Description of the task:
Nothing but the lines below from the one with "Flowers everywhere! Only" through the one with "1949-55 Malaysian States" should be output, each exactly as given, and no pictures.

Study material:
________________________

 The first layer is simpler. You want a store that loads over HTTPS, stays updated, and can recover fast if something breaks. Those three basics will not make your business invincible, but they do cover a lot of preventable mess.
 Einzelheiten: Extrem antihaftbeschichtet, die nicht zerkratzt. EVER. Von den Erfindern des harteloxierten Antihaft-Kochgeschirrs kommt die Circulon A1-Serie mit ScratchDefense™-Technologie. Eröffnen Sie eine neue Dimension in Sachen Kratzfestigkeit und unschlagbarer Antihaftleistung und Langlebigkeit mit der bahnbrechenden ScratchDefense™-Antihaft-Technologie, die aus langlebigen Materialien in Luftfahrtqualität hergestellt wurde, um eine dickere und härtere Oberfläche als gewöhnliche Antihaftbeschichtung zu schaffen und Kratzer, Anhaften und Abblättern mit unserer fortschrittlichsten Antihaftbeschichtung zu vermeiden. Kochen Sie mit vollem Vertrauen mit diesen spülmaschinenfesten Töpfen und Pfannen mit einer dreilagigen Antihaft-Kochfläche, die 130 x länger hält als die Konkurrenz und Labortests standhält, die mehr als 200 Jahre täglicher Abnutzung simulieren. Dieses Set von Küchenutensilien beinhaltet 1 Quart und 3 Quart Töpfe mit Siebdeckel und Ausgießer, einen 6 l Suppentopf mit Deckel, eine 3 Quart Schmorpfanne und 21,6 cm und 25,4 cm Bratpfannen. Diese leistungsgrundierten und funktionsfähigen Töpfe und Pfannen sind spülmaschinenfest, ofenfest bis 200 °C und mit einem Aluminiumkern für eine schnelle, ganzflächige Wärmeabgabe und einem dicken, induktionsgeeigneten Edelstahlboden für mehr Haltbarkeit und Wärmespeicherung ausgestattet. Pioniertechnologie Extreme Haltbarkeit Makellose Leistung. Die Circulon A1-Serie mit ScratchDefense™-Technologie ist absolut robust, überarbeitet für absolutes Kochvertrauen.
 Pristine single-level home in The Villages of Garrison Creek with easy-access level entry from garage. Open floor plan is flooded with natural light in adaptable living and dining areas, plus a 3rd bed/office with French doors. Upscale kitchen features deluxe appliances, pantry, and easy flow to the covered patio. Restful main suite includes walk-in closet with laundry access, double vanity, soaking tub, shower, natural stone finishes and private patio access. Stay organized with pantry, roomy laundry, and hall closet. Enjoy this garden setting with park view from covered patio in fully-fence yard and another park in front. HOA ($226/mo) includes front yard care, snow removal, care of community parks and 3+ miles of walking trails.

________________________

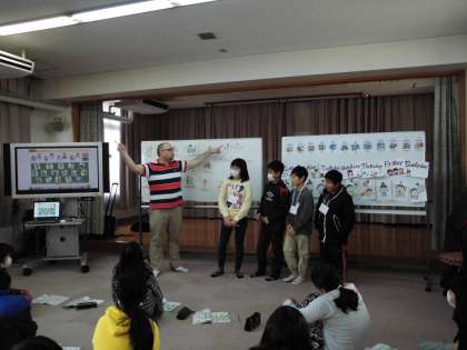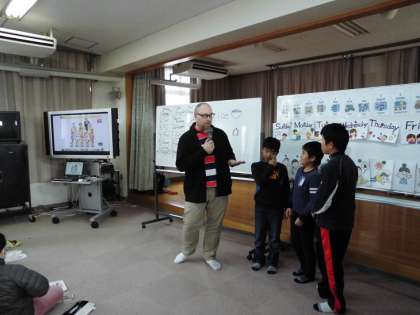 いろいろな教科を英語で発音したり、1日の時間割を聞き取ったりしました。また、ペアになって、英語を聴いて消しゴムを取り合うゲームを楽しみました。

________________________

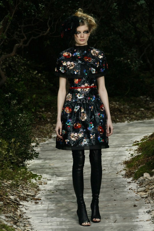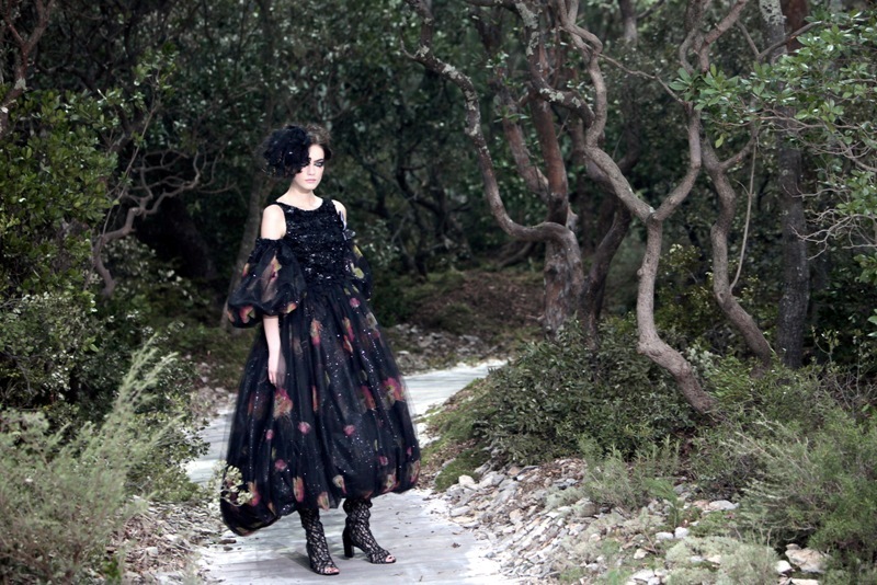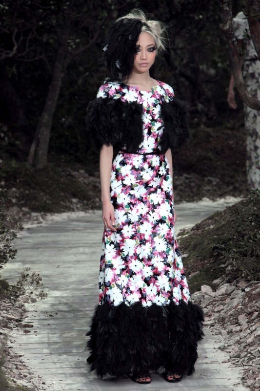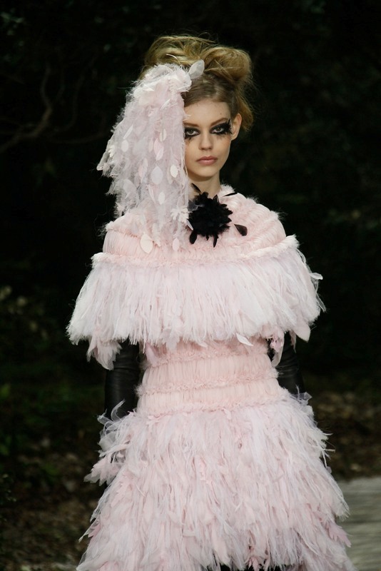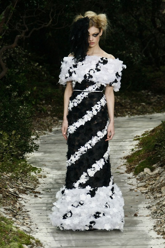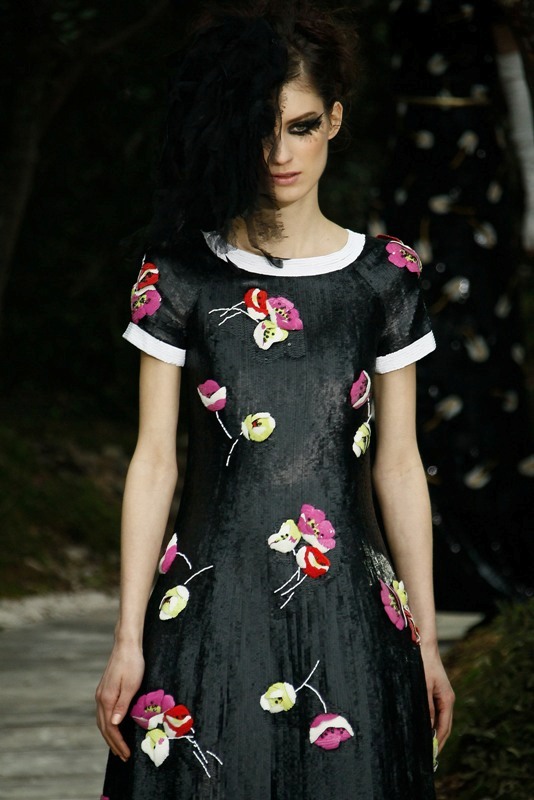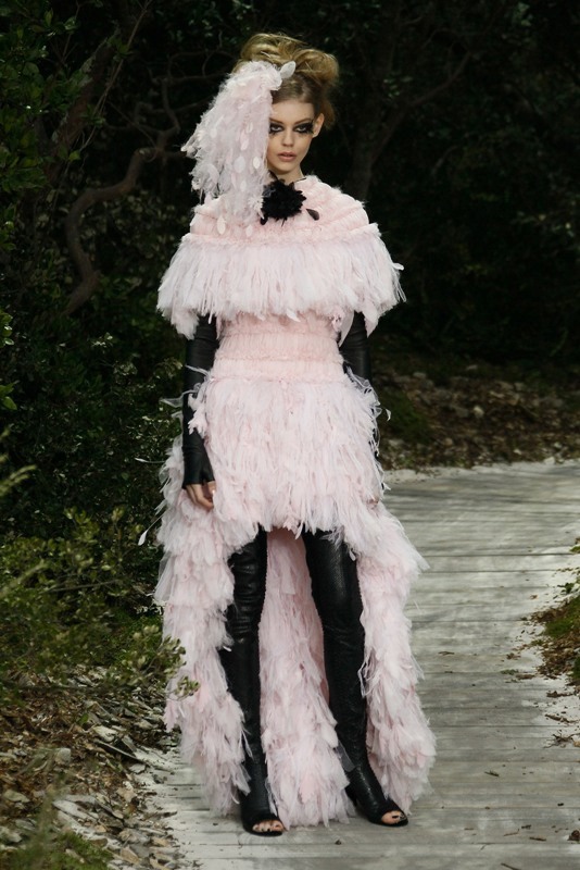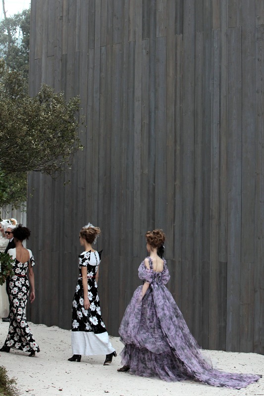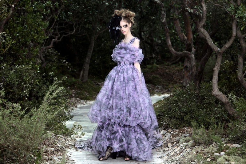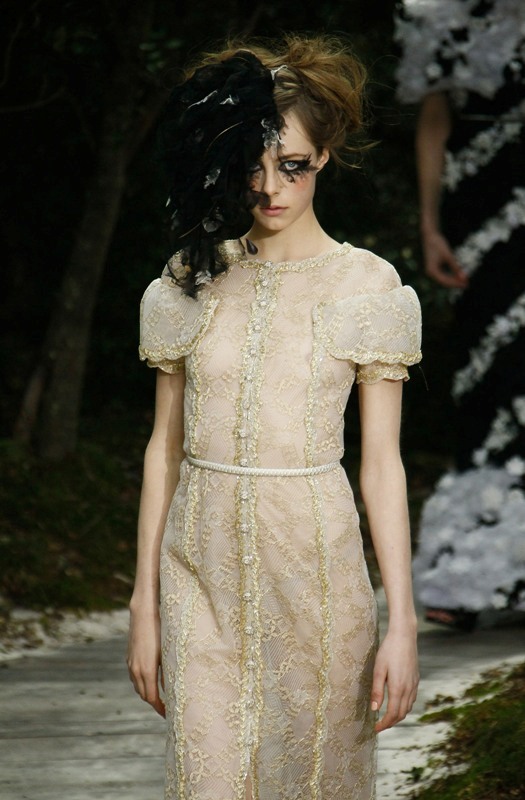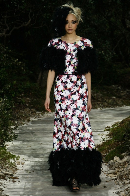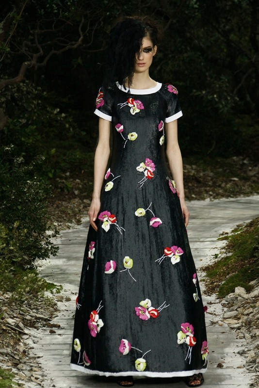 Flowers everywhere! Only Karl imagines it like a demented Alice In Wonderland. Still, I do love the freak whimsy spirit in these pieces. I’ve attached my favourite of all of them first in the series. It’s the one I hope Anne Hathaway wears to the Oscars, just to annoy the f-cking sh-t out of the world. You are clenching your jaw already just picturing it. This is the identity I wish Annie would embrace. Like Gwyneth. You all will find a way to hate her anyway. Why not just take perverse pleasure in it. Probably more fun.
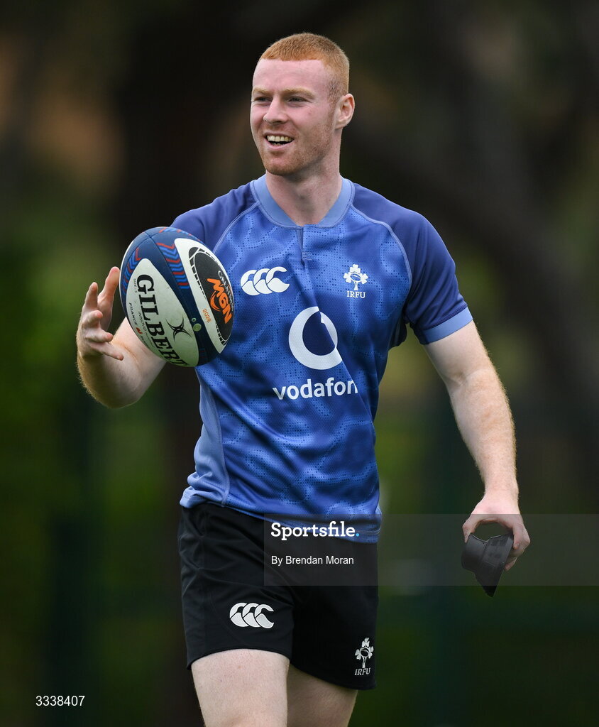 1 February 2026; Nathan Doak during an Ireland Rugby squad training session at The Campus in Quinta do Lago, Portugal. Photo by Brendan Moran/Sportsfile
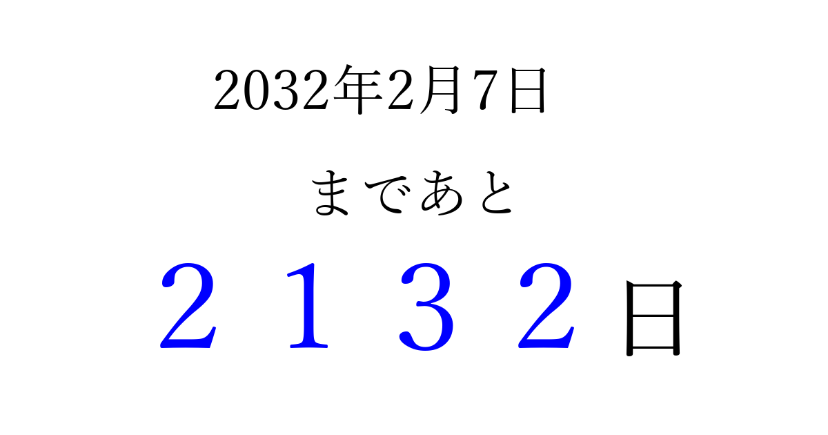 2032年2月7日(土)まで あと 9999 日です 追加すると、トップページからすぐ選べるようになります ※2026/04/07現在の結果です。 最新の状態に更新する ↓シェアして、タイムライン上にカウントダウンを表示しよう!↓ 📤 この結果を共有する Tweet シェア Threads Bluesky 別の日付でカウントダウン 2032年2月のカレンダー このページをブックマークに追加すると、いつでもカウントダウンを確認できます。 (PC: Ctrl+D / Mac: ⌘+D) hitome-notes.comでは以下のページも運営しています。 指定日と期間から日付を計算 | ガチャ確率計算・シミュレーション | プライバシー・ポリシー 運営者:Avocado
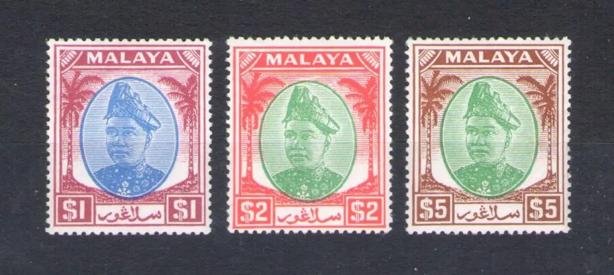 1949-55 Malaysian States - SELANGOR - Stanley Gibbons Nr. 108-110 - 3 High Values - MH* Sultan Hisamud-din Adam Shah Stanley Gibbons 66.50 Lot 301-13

________________________

Reply to the exercise:
 Flowers everywhere! Only Karl imagines it like a demented Alice In Wonderland. Still, I do love the freak whimsy spirit in these pieces. I’ve attached my favourite of all of them first in the series. It’s the one I hope Anne Hathaway wears to the Oscars, just to annoy the f-cking sh-t out of the world. You are clenching your jaw already just picturing it. This is the identity I wish Annie would embrace. Like Gwyneth. You all will find a way to hate her anyway. Why not just take perverse pleasure in it. Probably more fun.
 1 February 2026; Nathan Doak during an Ireland Rugby squad training session at The Campus in Quinta do Lago, Portugal. Photo by Brendan Moran/Sportsfile
 2032年2月7日(土)まで あと 9999 日です 追加すると、トップページからすぐ選べるようになります ※2026/04/07現在の結果です。 最新の状態に更新する ↓シェアして、タイムライン上にカウントダウンを表示しよう!↓ 📤 この結果を共有する Tweet シェア Threads Bluesky 別の日付でカウントダウン 2032年2月のカレンダー このページをブックマークに追加すると、いつでもカウントダウンを確認できます。 (PC: Ctrl+D / Mac: ⌘+D) hitome-notes.comでは以下のページも運営しています。 指定日と期間から日付を計算 | ガチャ確率計算・シミュレーション | プライバシー・ポリシー 運営者:Avocado
 1949-55 Malaysian States - SELANGOR - Stanley Gibbons Nr. 108-110 - 3 High Values - MH* Sultan Hisamud-din Adam Shah Stanley Gibbons 66.50 Lot 301-13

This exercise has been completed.